Which lines run from the one containing "To complete the" through the last line of the records? Copy them exactly, leaving pictures out.

== Input ==

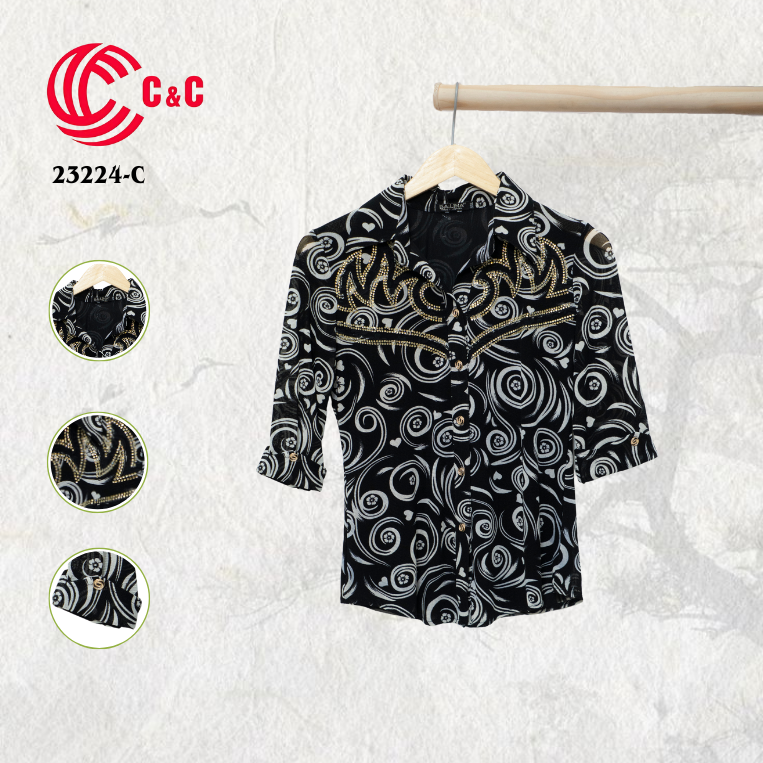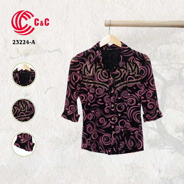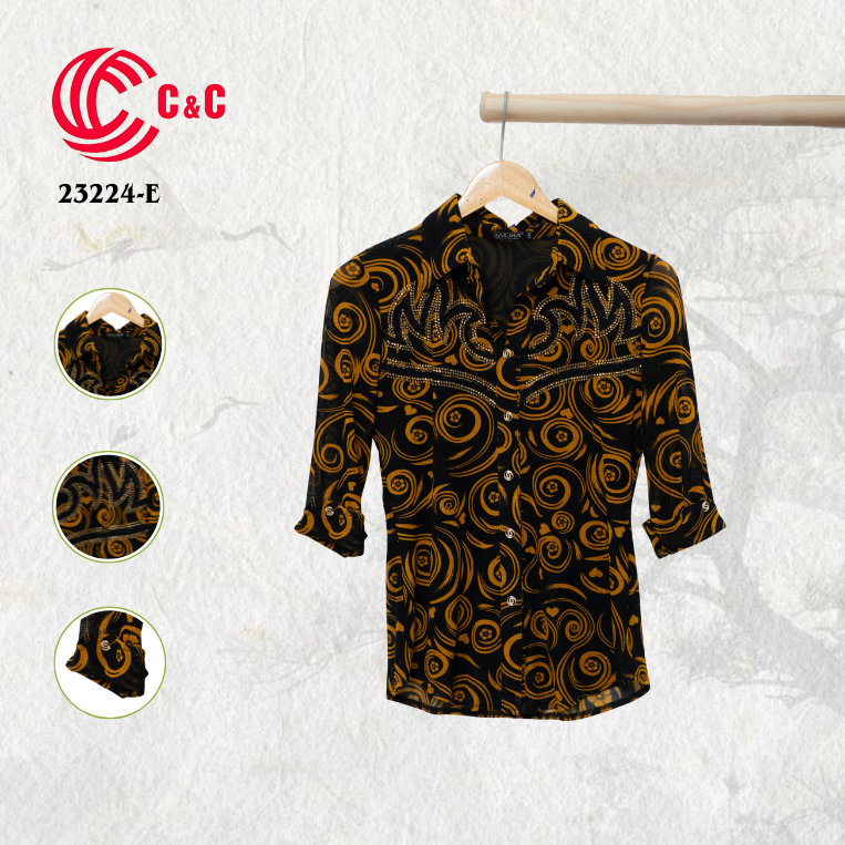 - Vải lưới in họa tiết cao cấp (Polyester Ammonia Knitted Printed Fabric). Họa tiết chủ đạo bao gồm các đường cong uốn lượn và hình dạng ốc xoáy, tạo cảm giác mềm mại và uyển chuyển.
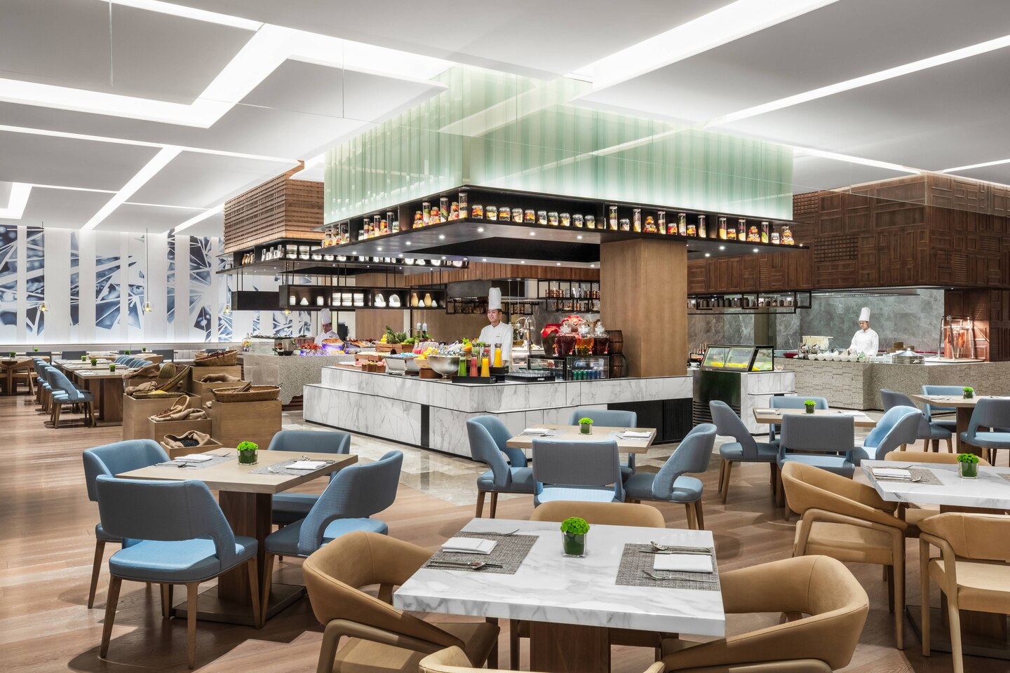 酒店內(nèi)設(shè)萬豪中餐廳,以優(yōu)選食材烹制出當(dāng)?shù)睾贾莓?dāng)?shù)靥厣穗燃捌渌牢吨惺矫朗场?br/>
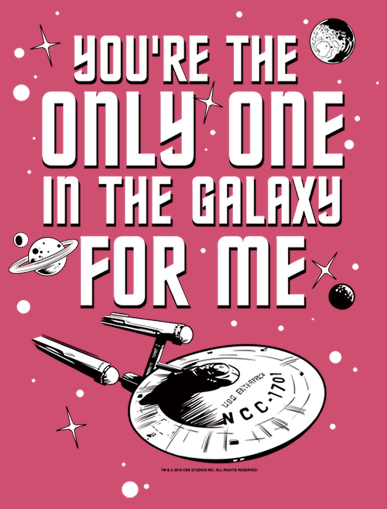 - This design features the words “You’re the only one in the galaxy for me” and the U.S.S. Enterprise!
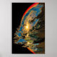 A vibrant and surreal landscape with swirling clouds and vibrant colors illuminates half of an alien planet. The sun creates a radiant halo effect.
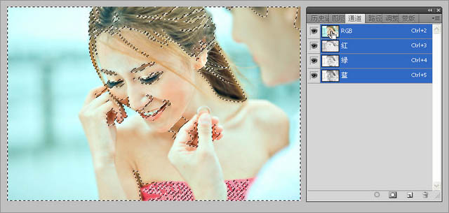 9、Ctrl+ait+~ 或者选择工具点击通道RGB图层载入选区。
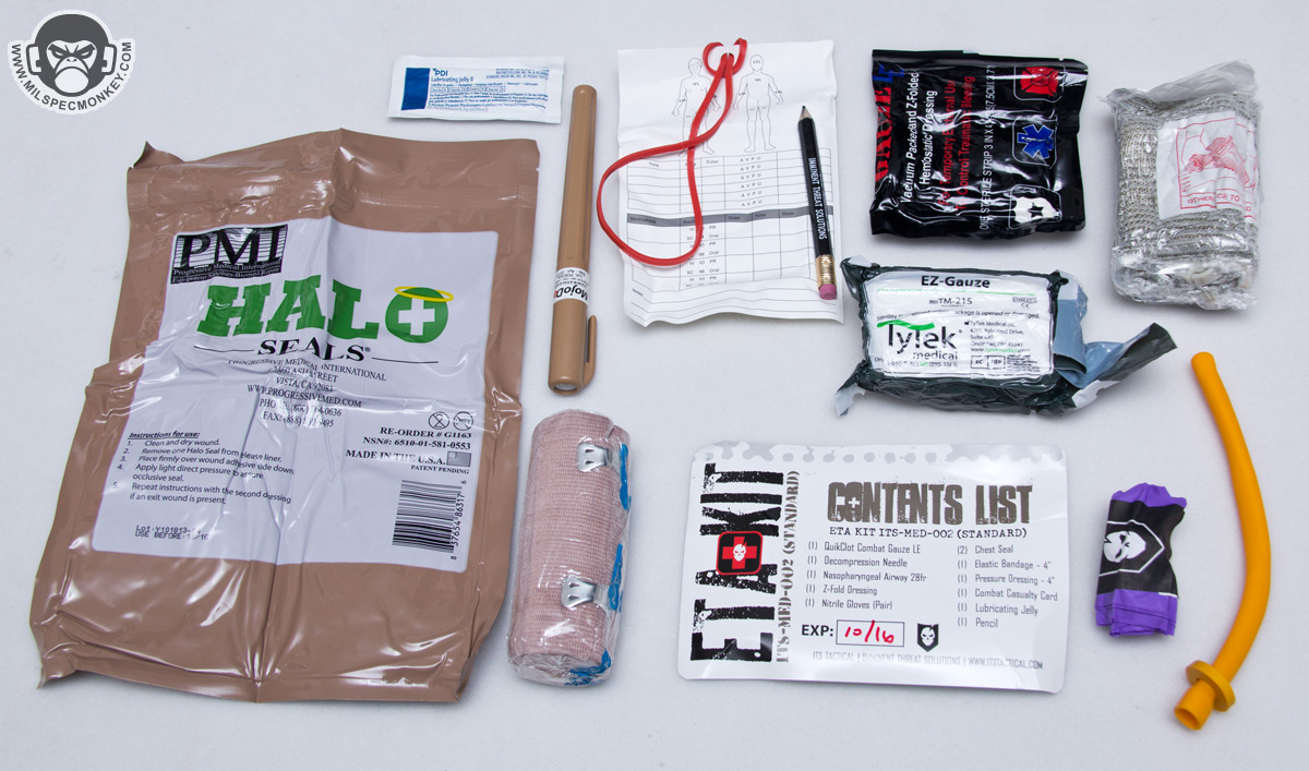 To complete the package, ITS offers their own trauma kit insert that of course fits great in the ETA Fatboy. It comes nicely vacuum sealed, but to get ready for actual use you'll want to open it up to then get the items placed in the pouch. I found this very intuitive as I didn't even look at the ITS site while filling the pouch, yet ended up with almost the same layout. The ITS ETA Trauma Kit includes what most folks expect out of a combat oriented medical kit these days comprised of:
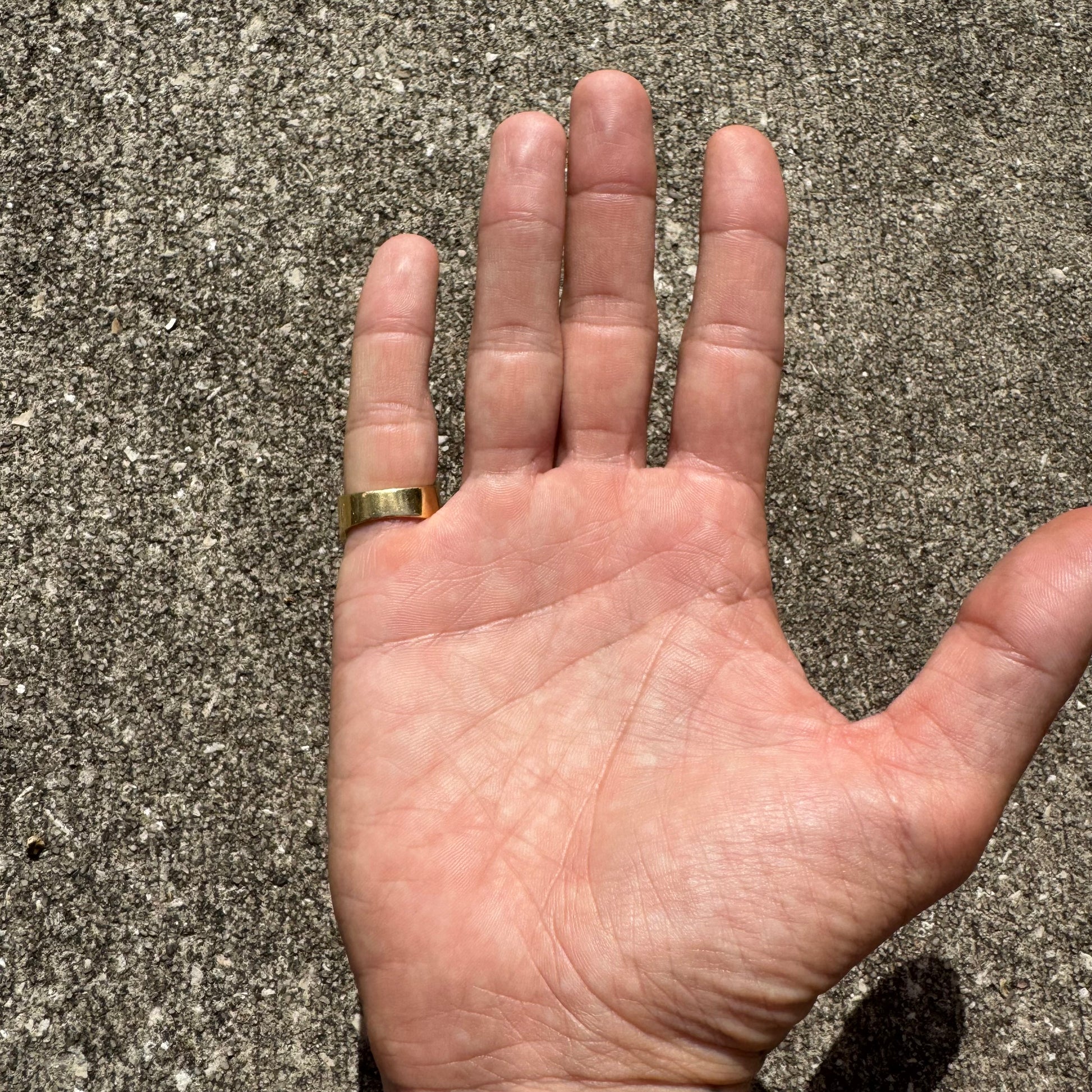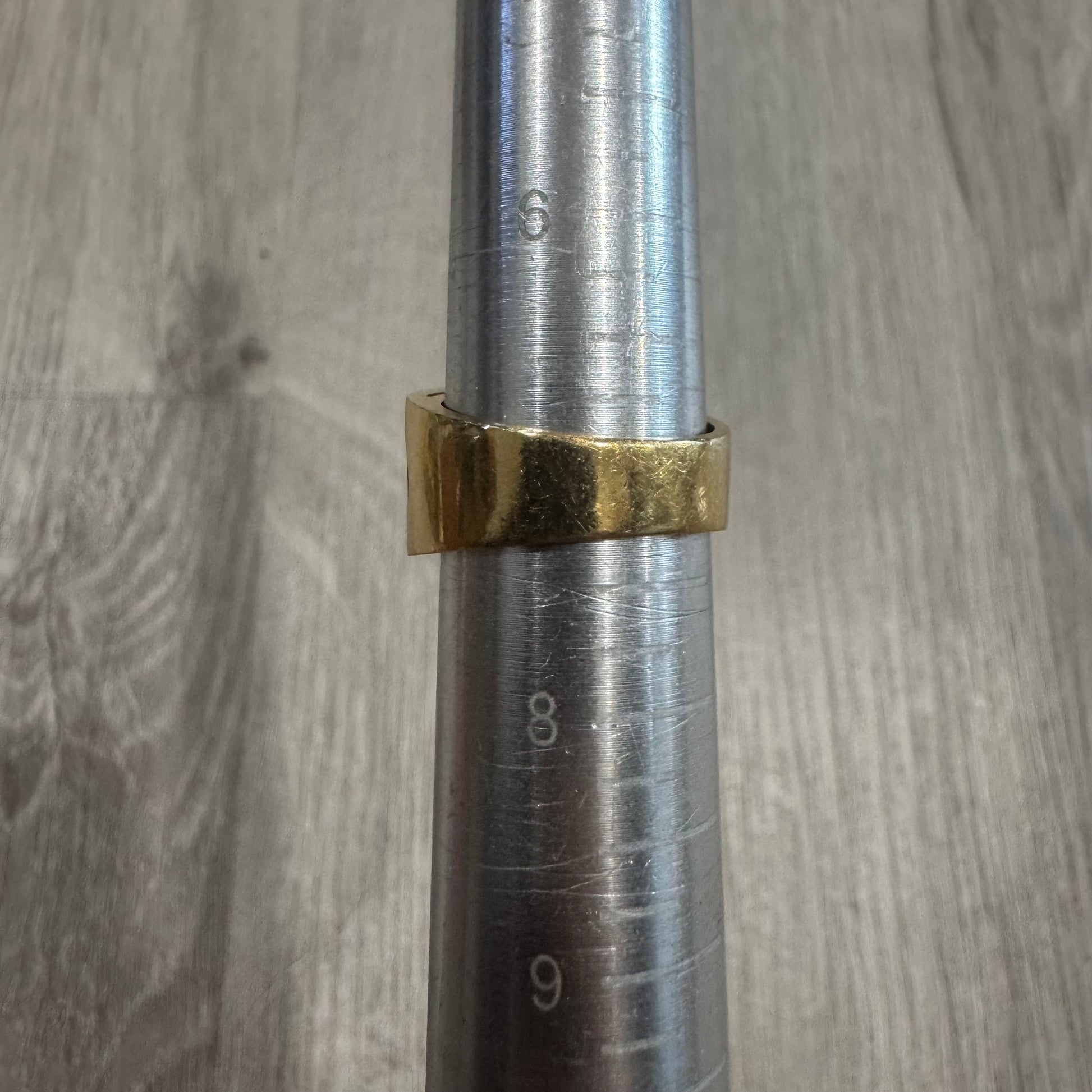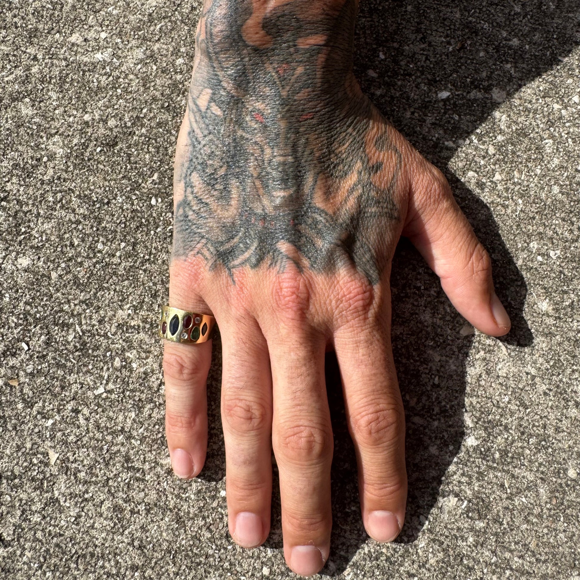 Absolutely stunning with full attention to detail and the best quality of materials were used in crafting this ring. Vivid and vibrant colors shine through clearly on all the natural gemstones flushed set throughout this solid 18k yellow gold tapered cigar band. Starting with the center and sides are 3 marquise cut natural blue sapphires (1.15CTW) that is flanked by 2 oval cut natural rubies (.50ctw) followed by 2 pear cut natural emeralds (.50ctw) and surrounded by all natural diamonds (.20ctw). A very prominent and wide stance on top of the finger at 12mm as it tapers down to the bottom underside at 6mm and weighs in at a hefty weight of 10.3g and a size:7. You would have to pay at least double the price to have an established jeweler buy these materials and custom make this exact ring again.
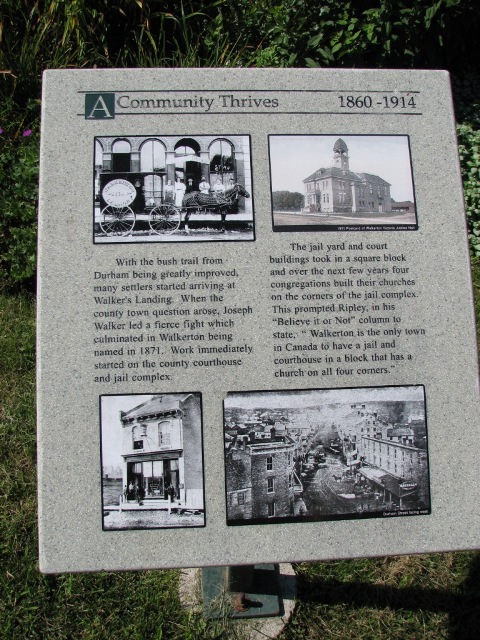- Walkertonย –ย Its first settler was Joseph Walker, who arrived in 1850. Its post office, originally called ‘Brant’, was established in 1852. In 1865 Walkerton became the County Town for Bruce County.

===

● Solution to the problem
 To complete the package, ITS offers their own trauma kit insert that of course fits great in the ETA Fatboy. It comes nicely vacuum sealed, but to get ready for actual use you'll want to open it up to then get the items placed in the pouch. I found this very intuitive as I didn't even look at the ITS site while filling the pouch, yet ended up with almost the same layout. The ITS ETA Trauma Kit includes what most folks expect out of a combat oriented medical kit these days comprised of:
 Absolutely stunning with full attention to detail and the best quality of materials were used in crafting this ring. Vivid and vibrant colors shine through clearly on all the natural gemstones flushed set throughout this solid 18k yellow gold tapered cigar band. Starting with the center and sides are 3 marquise cut natural blue sapphires (1.15CTW) that is flanked by 2 oval cut natural rubies (.50ctw) followed by 2 pear cut natural emeralds (.50ctw) and surrounded by all natural diamonds (.20ctw). A very prominent and wide stance on top of the finger at 12mm as it tapers down to the bottom underside at 6mm and weighs in at a hefty weight of 10.3g and a size:7. You would have to pay at least double the price to have an established jeweler buy these materials and custom make this exact ring again.
- Walkertonย –ย Its first settler was Joseph Walker, who arrived in 1850. Its post office, originally called ‘Brant’, was established in 1852. In 1865 Walkerton became the County Town for Bruce County.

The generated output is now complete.